• [Information supplied]:
++++

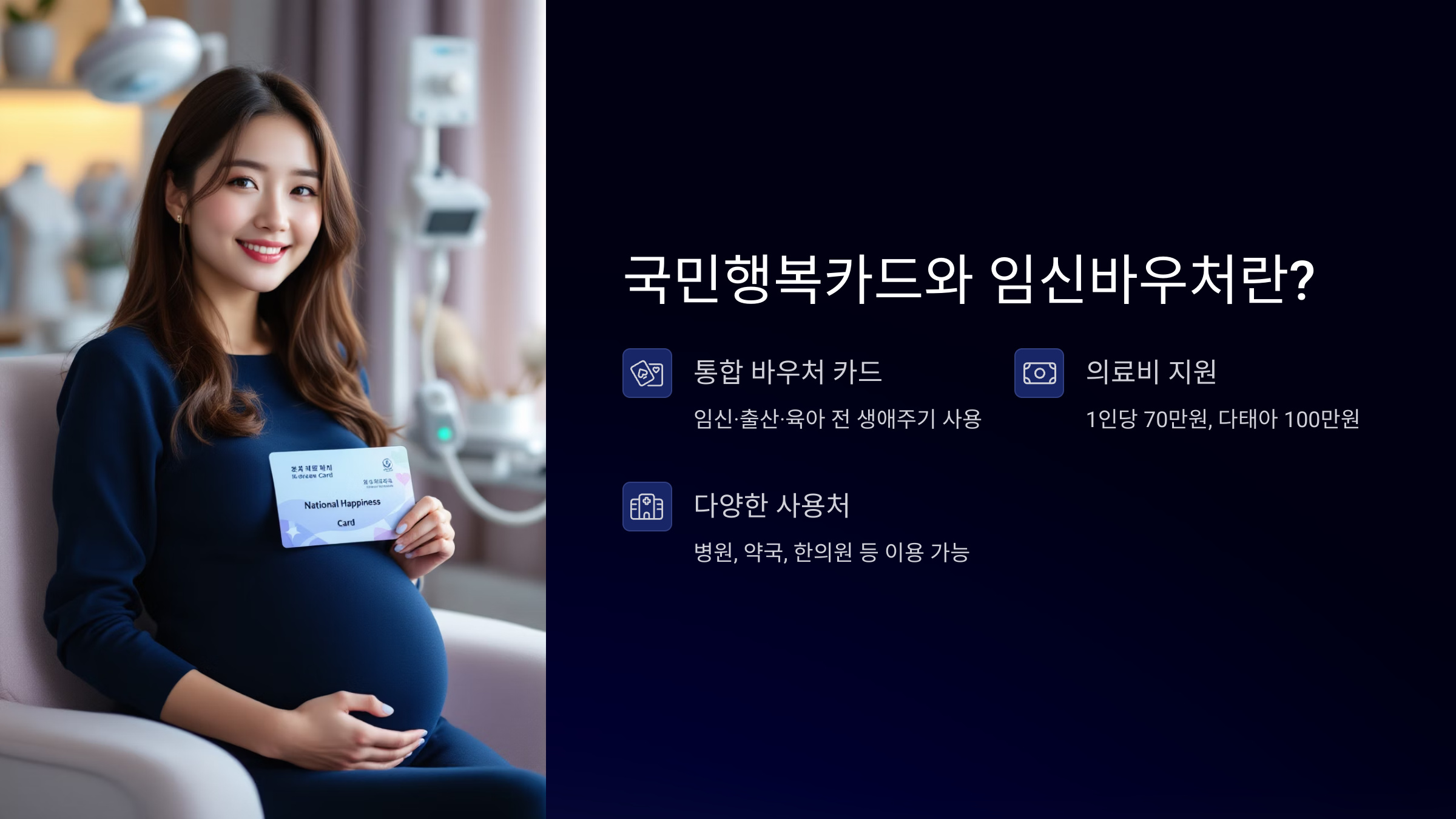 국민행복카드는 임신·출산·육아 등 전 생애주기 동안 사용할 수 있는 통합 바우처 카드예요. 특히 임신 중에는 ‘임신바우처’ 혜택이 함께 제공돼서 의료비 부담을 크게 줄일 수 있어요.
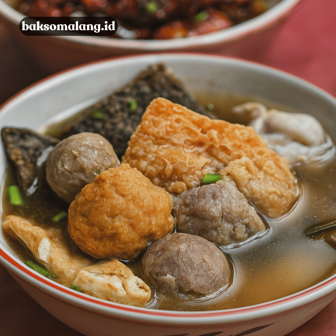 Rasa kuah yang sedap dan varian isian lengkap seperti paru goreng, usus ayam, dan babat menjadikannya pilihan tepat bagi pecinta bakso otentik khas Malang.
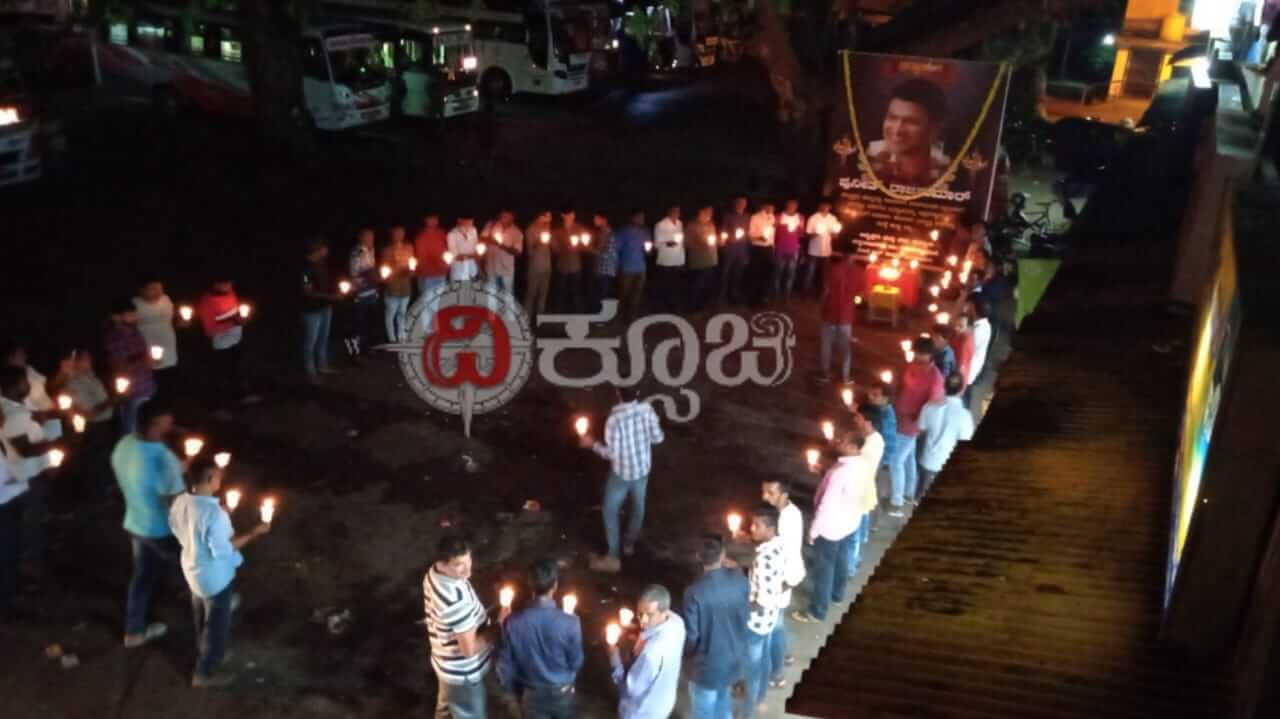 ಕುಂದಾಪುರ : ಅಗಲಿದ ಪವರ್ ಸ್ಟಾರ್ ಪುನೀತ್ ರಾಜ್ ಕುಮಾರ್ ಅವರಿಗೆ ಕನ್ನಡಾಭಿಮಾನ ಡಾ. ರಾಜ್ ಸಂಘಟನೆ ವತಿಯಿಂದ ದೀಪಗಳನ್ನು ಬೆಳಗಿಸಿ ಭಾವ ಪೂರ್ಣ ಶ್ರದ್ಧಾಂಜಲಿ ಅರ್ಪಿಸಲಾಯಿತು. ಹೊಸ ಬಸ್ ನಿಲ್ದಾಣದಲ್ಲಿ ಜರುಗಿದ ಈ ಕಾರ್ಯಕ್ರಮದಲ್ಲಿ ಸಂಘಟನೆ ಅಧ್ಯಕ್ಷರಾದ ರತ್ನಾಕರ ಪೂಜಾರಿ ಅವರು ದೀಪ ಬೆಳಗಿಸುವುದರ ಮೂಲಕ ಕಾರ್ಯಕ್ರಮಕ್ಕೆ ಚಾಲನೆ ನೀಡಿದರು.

++++

• [Task description]: Pictures stay out of the copy; print the material above exactly.

• [Reply to the task]:
 국민행복카드는 임신·출산·육아 등 전 생애주기 동안 사용할 수 있는 통합 바우처 카드예요. 특히 임신 중에는 ‘임신바우처’ 혜택이 함께 제공돼서 의료비 부담을 크게 줄일 수 있어요.
 Rasa kuah yang sedap dan varian isian lengkap seperti paru goreng, usus ayam, dan babat menjadikannya pilihan tepat bagi pecinta bakso otentik khas Malang.
 ಕುಂದಾಪುರ : ಅಗಲಿದ ಪವರ್ ಸ್ಟಾರ್ ಪುನೀತ್ ರಾಜ್ ಕುಮಾರ್ ಅವರಿಗೆ ಕನ್ನಡಾಭಿಮಾನ ಡಾ. ರಾಜ್ ಸಂಘಟನೆ ವತಿಯಿಂದ ದೀಪಗಳನ್ನು ಬೆಳಗಿಸಿ ಭಾವ ಪೂರ್ಣ ಶ್ರದ್ಧಾಂಜಲಿ ಅರ್ಪಿಸಲಾಯಿತು. ಹೊಸ ಬಸ್ ನಿಲ್ದಾಣದಲ್ಲಿ ಜರುಗಿದ ಈ ಕಾರ್ಯಕ್ರಮದಲ್ಲಿ ಸಂಘಟನೆ ಅಧ್ಯಕ್ಷರಾದ ರತ್ನಾಕರ ಪೂಜಾರಿ ಅವರು ದೀಪ ಬೆಳಗಿಸುವುದರ ಮೂಲಕ ಕಾರ್ಯಕ್ರಮಕ್ಕೆ ಚಾಲನೆ ನೀಡಿದರು.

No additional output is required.